(Data to process)

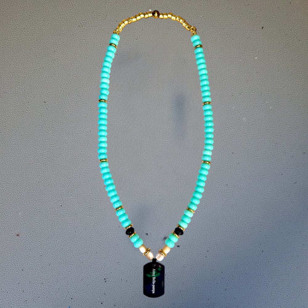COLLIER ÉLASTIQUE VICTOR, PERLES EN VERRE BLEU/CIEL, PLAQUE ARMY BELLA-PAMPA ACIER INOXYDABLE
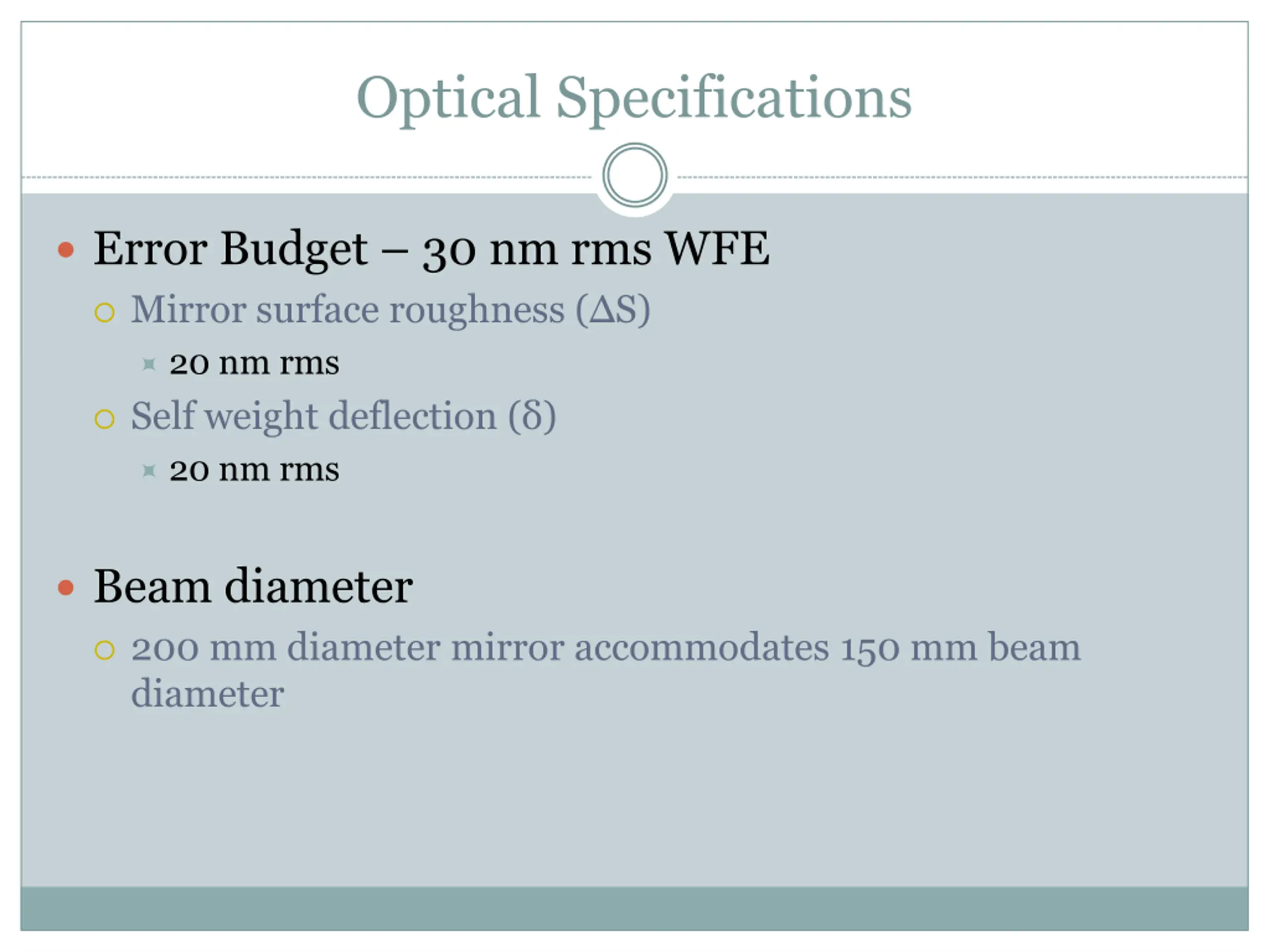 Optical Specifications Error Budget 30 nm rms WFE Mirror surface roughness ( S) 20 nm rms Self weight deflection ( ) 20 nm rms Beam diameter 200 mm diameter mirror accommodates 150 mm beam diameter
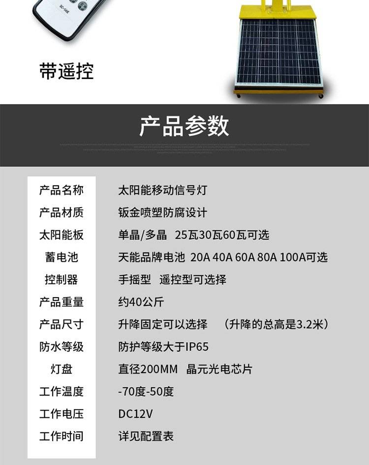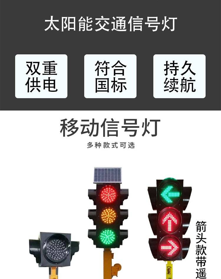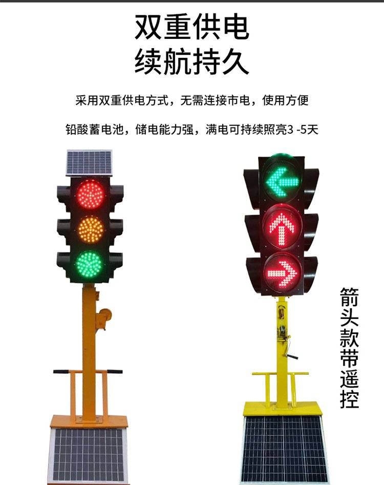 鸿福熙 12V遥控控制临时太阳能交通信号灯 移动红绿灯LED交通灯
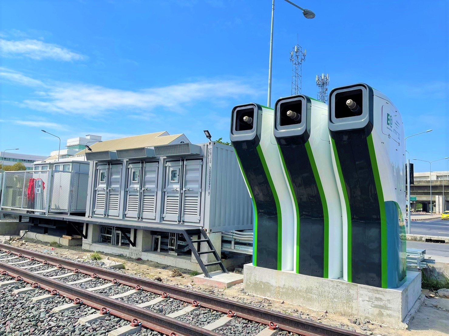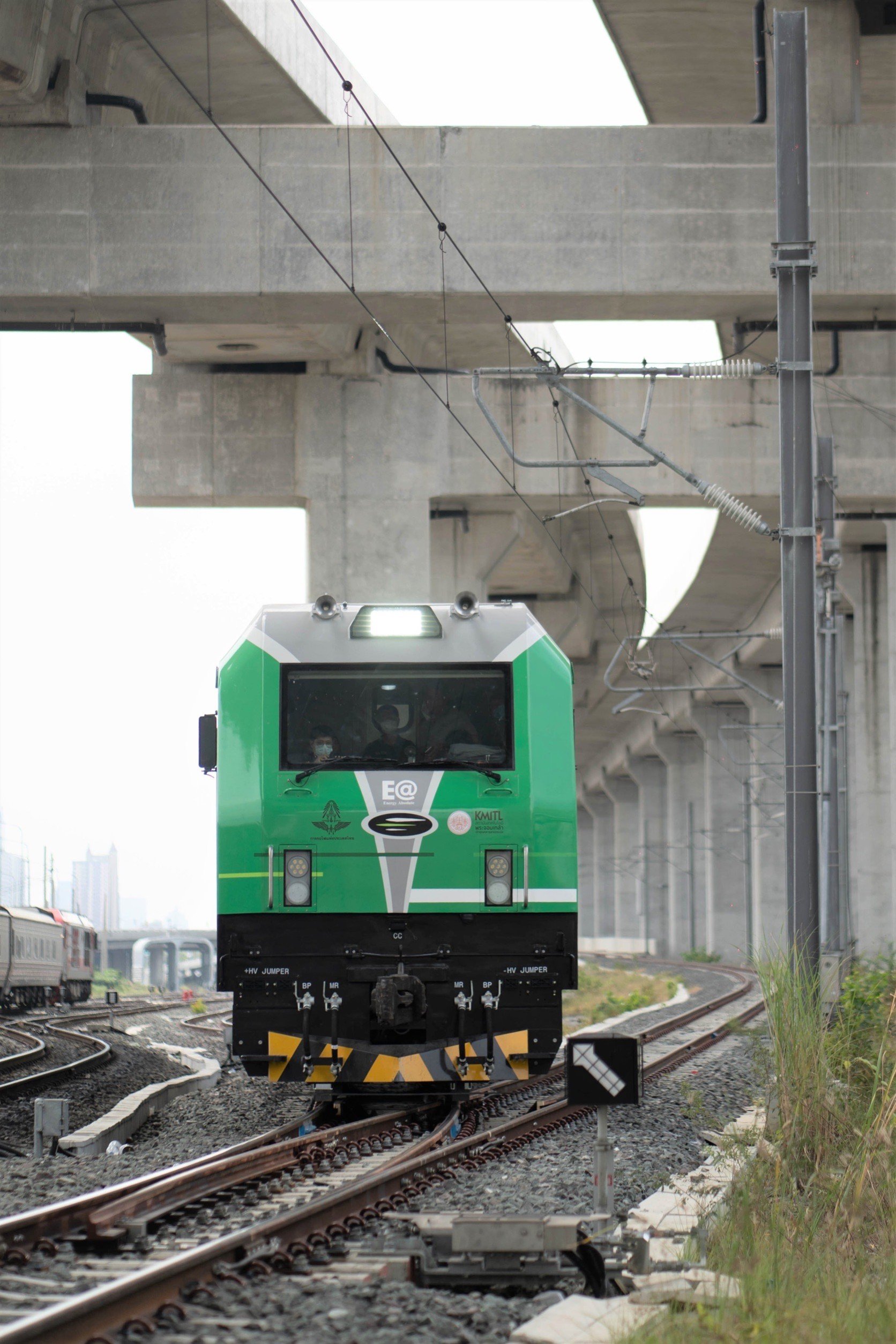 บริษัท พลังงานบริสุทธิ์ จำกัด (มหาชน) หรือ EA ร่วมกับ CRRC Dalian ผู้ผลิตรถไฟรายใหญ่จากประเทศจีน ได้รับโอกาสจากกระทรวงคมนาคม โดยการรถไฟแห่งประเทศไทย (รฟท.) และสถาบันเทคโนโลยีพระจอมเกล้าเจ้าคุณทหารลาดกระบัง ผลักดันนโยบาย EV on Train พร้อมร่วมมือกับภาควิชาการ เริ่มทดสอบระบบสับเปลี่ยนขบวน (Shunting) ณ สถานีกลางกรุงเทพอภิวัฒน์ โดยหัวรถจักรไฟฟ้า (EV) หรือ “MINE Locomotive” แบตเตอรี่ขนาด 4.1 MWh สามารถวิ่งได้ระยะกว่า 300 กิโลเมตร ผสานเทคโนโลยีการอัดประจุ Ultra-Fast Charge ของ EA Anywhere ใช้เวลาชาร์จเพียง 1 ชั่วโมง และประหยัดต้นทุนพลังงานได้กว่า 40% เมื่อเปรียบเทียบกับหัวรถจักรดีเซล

(End Data to process)
(Data to process)

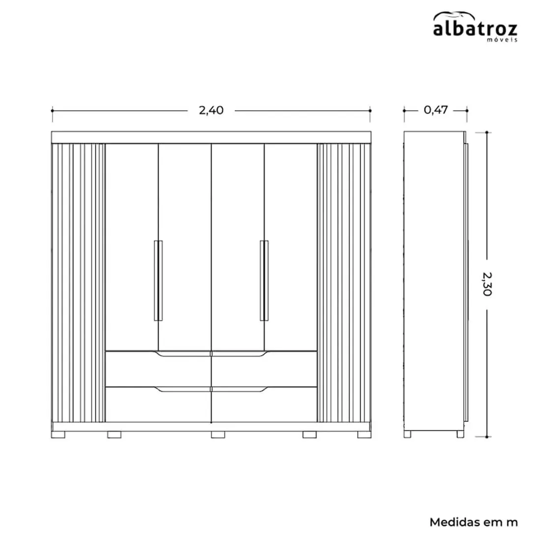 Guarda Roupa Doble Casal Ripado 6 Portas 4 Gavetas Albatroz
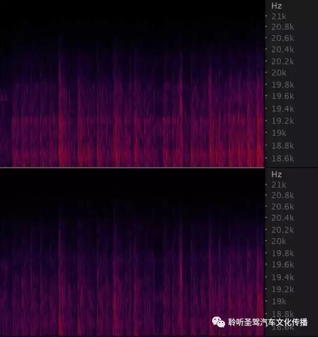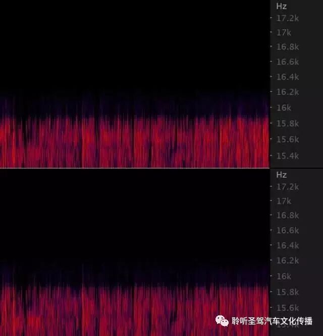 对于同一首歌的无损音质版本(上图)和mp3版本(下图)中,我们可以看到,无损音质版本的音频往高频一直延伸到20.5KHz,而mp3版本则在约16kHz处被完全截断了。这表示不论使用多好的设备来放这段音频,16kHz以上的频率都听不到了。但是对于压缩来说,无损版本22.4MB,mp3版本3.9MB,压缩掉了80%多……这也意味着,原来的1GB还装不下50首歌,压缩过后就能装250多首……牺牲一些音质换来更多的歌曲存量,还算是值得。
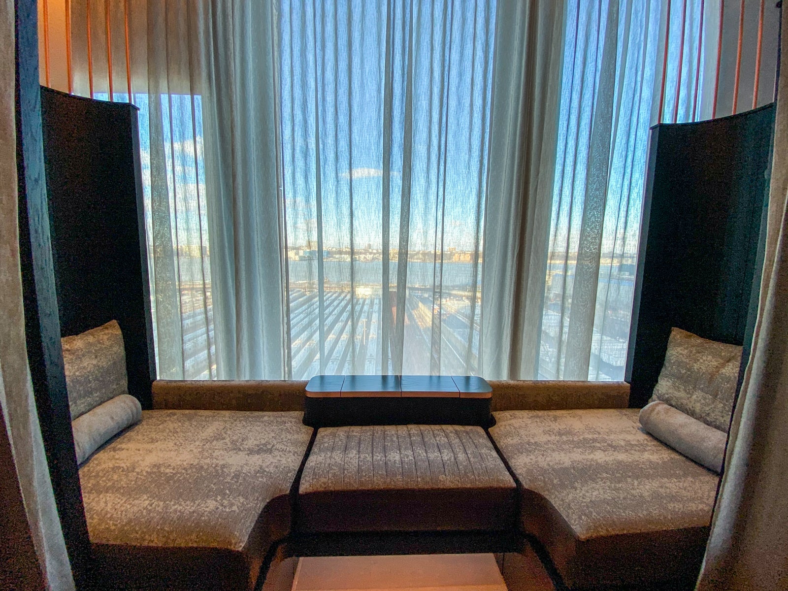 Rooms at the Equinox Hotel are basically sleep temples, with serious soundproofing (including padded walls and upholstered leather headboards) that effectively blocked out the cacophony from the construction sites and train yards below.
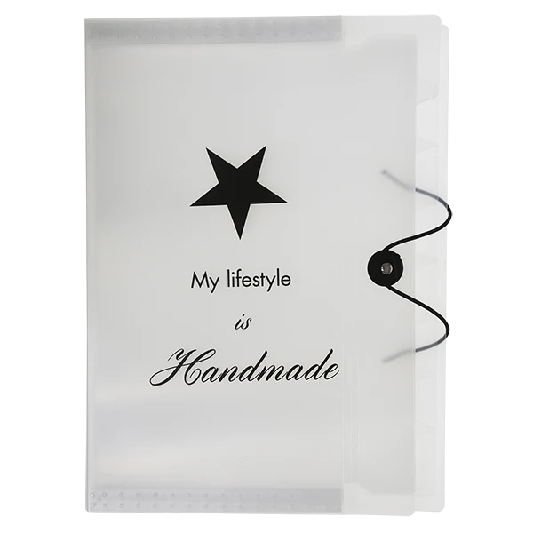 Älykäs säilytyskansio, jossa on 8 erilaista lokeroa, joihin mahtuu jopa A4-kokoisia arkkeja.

(End Data to process)

Problem to work on ▸ The output is the stretch above from the line with "COLLIER ÉLASTIQUE VICTOR, PERLES" through the line with "บริษัท พลังงานบริสุทธิ์ จำกัด", copied word for word with both ends kept and every picture dropped.

Solved exercise ▸
COLLIER ÉLASTIQUE VICTOR, PERLES EN VERRE BLEU/CIEL, PLAQUE ARMY BELLA-PAMPA ACIER INOXYDABLE
 Optical Specifications Error Budget 30 nm rms WFE Mirror surface roughness ( S) 20 nm rms Self weight deflection ( ) 20 nm rms Beam diameter 200 mm diameter mirror accommodates 150 mm beam diameter
 鸿福熙 12V遥控控制临时太阳能交通信号灯 移动红绿灯LED交通灯
 บริษัท พลังงานบริสุทธิ์ จำกัด (มหาชน) หรือ EA ร่วมกับ CRRC Dalian ผู้ผลิตรถไฟรายใหญ่จากประเทศจีน ได้รับโอกาสจากกระทรวงคมนาคม โดยการรถไฟแห่งประเทศไทย (รฟท.) และสถาบันเทคโนโลยีพระจอมเกล้าเจ้าคุณทหารลาดกระบัง ผลักดันนโยบาย EV on Train พร้อมร่วมมือกับภาควิชาการ เริ่มทดสอบระบบสับเปลี่ยนขบวน (Shunting) ณ สถานีกลางกรุงเทพอภิวัฒน์ โดยหัวรถจักรไฟฟ้า (EV) หรือ “MINE Locomotive” แบตเตอรี่ขนาด 4.1 MWh สามารถวิ่งได้ระยะกว่า 300 กิโลเมตร ผสานเทคโนโลยีการอัดประจุ Ultra-Fast Charge ของ EA Anywhere ใช้เวลาชาร์จเพียง 1 ชั่วโมง และประหยัดต้นทุนพลังงานได้กว่า 40% เมื่อเปรียบเทียบกับหัวรถจักรดีเซล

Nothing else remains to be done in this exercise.